Records to use —
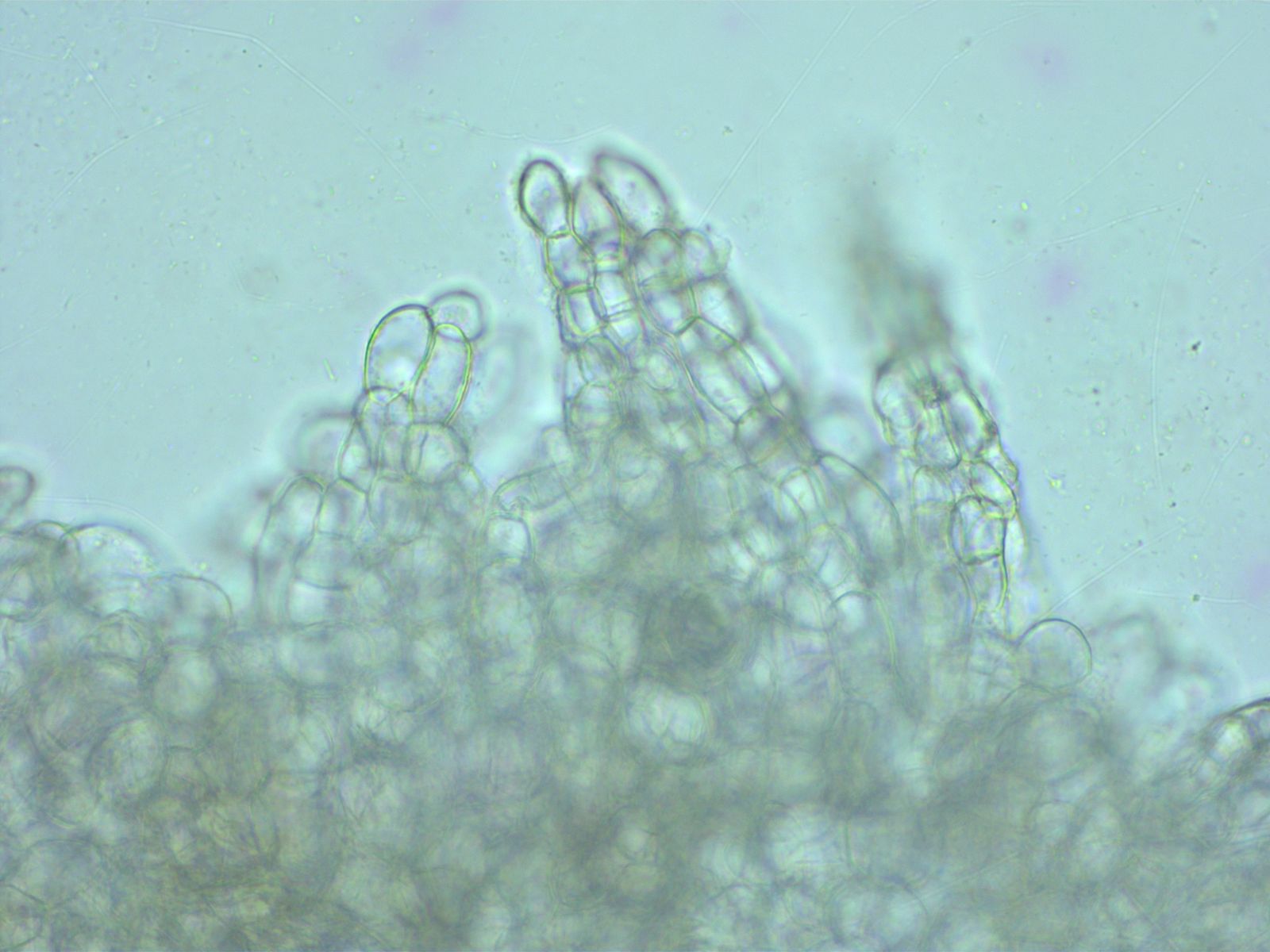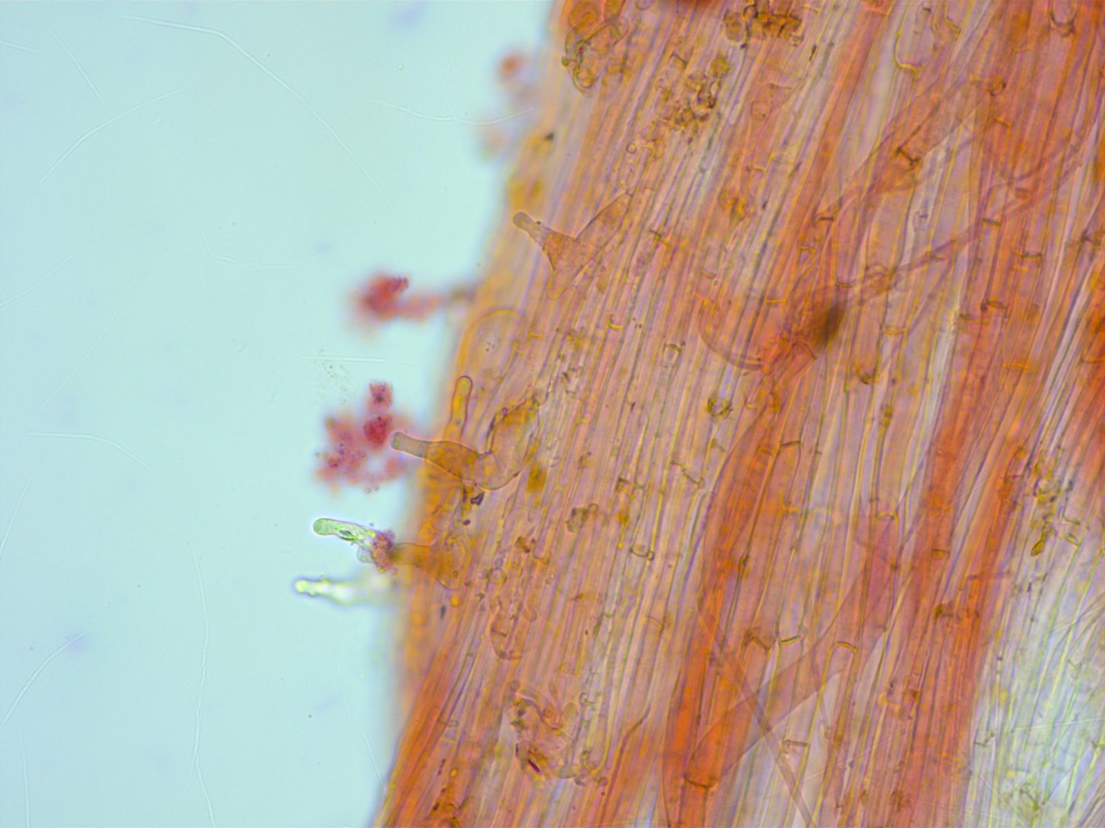 Die Haare an der Aussenseite bestehen aus langen Ketten von rundlichen oder elliptischen Zellen.
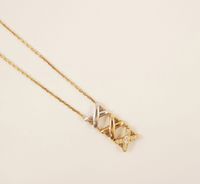 Collier CHAUMET, Collection « Jeux de liens », en or jaune, or gris et or rose 750 mil à motifs de trois liens croisés superposés, montés sur une chaîne à maille forçat limée, l’un serti de diamants taille brillant. Signé et numéroté. (Longueur ajustable : 38 - 41 - 45cm environ). 7 g. brut
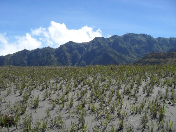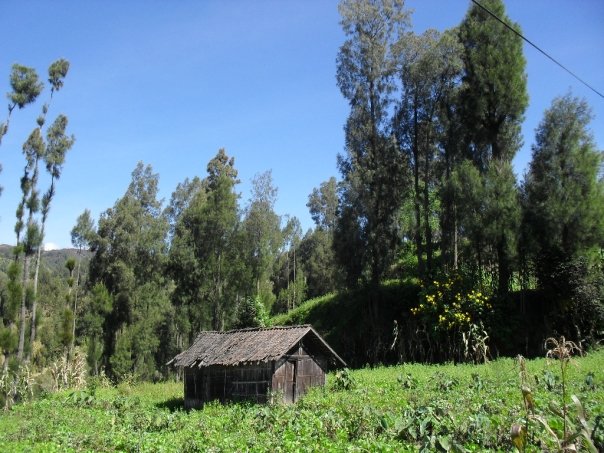 Arriving was arduous, a night of fitful rest at the Kuala Lumpur airport food court (third time now…) before a long day of bus rides and bus stations that finally deposited me in the mountain town of Cemoro Lawang.  More than 2000 meters up over see level, it is a fantastic landscape of steep hillsides bathed in every shade of green imaginable.  The villages cling to the roads winding up the valleys towards the peaks.  The island of Java is part of the ring of fire, a victim to frequent natural disasters.  Here, they have turned that to a profit with the tourist trade visiting Mount Bromo, a still smoldering volcano.  I did the long hike from my guest house, or losmen, up to the volcanic cone.  I managed to sunburn myself nicely, but the hike was fantastic and it was pretty cool to hike across a caldera filled with ash to see this geologic thing belching out sulfuric clouds.
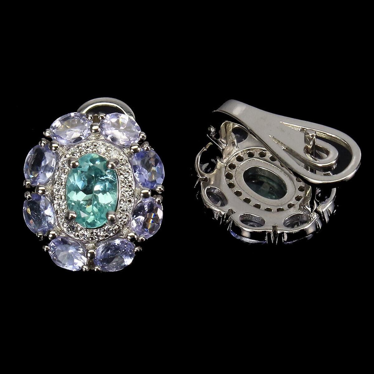 925 STERLING SILVER;PLATE-14K WHITE GOLD;MAIN STONE-APATITE;OTHER GEMS- TANZANITE;TOTAL WEIGHT-6.19 GRAM (TOTAL WEIGHT OF SILVER + STONE)DIMENSION-* STONE 4.0 X 3.0 TO 7.0 X 5.0 MM.;* FACE EARRINGS- 15.0 X 13.0 MM.;MAIN STONE SHAPE-OVAL CUT;CLARITY/GRADE-IF TO VVS;TREATMENT-UNHEATED;ORIGIN-AFRICA;HARDNESS-5;
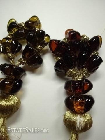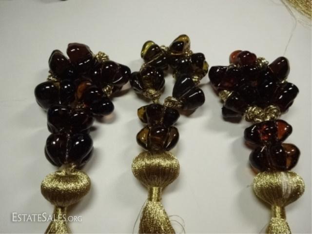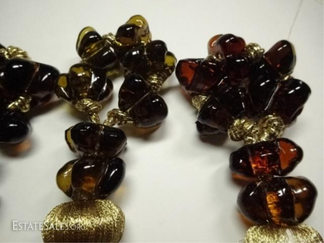 LOT 25D: 14 PC NAPKIN RINGS, AMBER BEADS WITH GOLD TASSELS

Exercise —
From the listing, extract all text exactly as given and drop any picture.

Result of the exercise —
 Die Haare an der Aussenseite bestehen aus langen Ketten von rundlichen oder elliptischen Zellen.
 Collier CHAUMET, Collection « Jeux de liens », en or jaune, or gris et or rose 750 mil à motifs de trois liens croisés superposés, montés sur une chaîne à maille forçat limée, l’un serti de diamants taille brillant. Signé et numéroté. (Longueur ajustable : 38 - 41 - 45cm environ). 7 g. brut
 Arriving was arduous, a night of fitful rest at the Kuala Lumpur airport food court (third time now…) before a long day of bus rides and bus stations that finally deposited me in the mountain town of Cemoro Lawang.  More than 2000 meters up over see level, it is a fantastic landscape of steep hillsides bathed in every shade of green imaginable.  The villages cling to the roads winding up the valleys towards the peaks.  The island of Java is part of the ring of fire, a victim to frequent natural disasters.  Here, they have turned that to a profit with the tourist trade visiting Mount Bromo, a still smoldering volcano.  I did the long hike from my guest house, or losmen, up to the volcanic cone.  I managed to sunburn myself nicely, but the hike was fantastic and it was pretty cool to hike across a caldera filled with ash to see this geologic thing belching out sulfuric clouds.
 925 STERLING SILVER;PLATE-14K WHITE GOLD;MAIN STONE-APATITE;OTHER GEMS- TANZANITE;TOTAL WEIGHT-6.19 GRAM (TOTAL WEIGHT OF SILVER + STONE)DIMENSION-* STONE 4.0 X 3.0 TO 7.0 X 5.0 MM.;* FACE EARRINGS- 15.0 X 13.0 MM.;MAIN STONE SHAPE-OVAL CUT;CLARITY/GRADE-IF TO VVS;TREATMENT-UNHEATED;ORIGIN-AFRICA;HARDNESS-5;
 LOT 25D: 14 PC NAPKIN RINGS, AMBER BEADS WITH GOLD TASSELS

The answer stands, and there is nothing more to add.